(SOURCE DATA Opens)

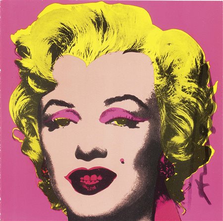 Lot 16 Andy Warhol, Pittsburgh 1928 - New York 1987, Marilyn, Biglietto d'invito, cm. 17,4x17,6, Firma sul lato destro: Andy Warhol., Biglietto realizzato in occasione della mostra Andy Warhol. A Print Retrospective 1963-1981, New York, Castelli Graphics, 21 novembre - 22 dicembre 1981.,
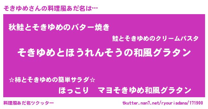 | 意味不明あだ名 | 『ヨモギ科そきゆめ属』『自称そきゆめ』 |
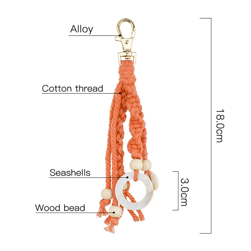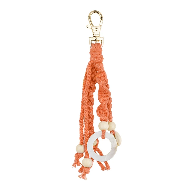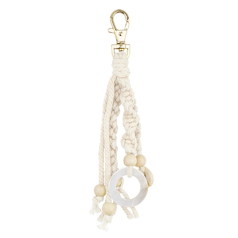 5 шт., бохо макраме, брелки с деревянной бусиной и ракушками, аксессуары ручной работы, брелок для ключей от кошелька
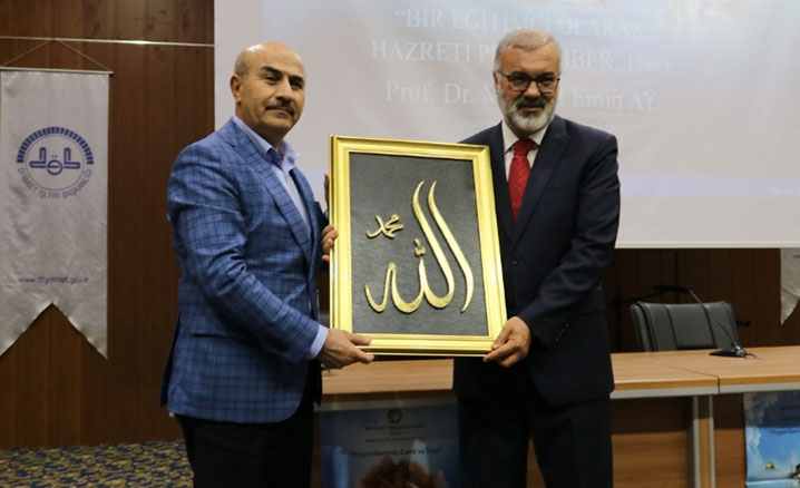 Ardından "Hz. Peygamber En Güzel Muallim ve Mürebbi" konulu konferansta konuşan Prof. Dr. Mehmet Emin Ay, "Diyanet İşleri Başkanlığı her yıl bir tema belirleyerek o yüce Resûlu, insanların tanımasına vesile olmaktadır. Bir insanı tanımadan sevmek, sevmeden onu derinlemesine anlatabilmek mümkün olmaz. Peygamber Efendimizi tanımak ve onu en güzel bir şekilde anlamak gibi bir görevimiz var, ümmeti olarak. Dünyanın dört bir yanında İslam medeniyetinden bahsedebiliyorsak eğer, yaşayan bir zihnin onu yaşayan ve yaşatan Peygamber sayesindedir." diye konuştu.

(SOURCE DATA Closes)
(SOURCE DATA Opens)

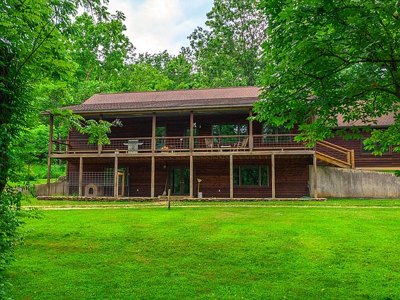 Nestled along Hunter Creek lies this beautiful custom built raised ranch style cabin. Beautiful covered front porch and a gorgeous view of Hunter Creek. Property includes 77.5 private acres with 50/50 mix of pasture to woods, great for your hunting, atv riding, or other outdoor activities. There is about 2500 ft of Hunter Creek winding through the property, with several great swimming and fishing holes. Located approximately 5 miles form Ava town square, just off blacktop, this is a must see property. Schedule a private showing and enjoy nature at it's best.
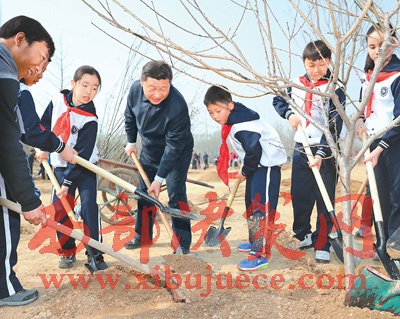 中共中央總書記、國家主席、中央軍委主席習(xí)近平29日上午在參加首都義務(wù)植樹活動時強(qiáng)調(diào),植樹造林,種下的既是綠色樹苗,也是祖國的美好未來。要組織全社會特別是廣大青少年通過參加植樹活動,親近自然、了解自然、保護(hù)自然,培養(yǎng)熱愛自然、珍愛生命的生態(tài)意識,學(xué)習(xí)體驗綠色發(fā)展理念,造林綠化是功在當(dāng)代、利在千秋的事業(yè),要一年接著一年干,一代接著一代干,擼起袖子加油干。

(SOURCE DATA Closes)

* **TASK DIRECTIONS**
While skipping the pictures, transcribe the data above from the line showing "Lot 16 Andy" through the line showing "5 шт., бохо", exactly and with both ends.

* **EXERCISE RESPONSE**
 Lot 16 Andy Warhol, Pittsburgh 1928 - New York 1987, Marilyn, Biglietto d'invito, cm. 17,4x17,6, Firma sul lato destro: Andy Warhol., Biglietto realizzato in occasione della mostra Andy Warhol. A Print Retrospective 1963-1981, New York, Castelli Graphics, 21 novembre - 22 dicembre 1981.,
 | 意味不明あだ名 | 『ヨモギ科そきゆめ属』『自称そきゆめ』 |
 5 шт., бохо макраме, брелки с деревянной бусиной и ракушками, аксессуары ручной работы, брелок для ключей от кошелька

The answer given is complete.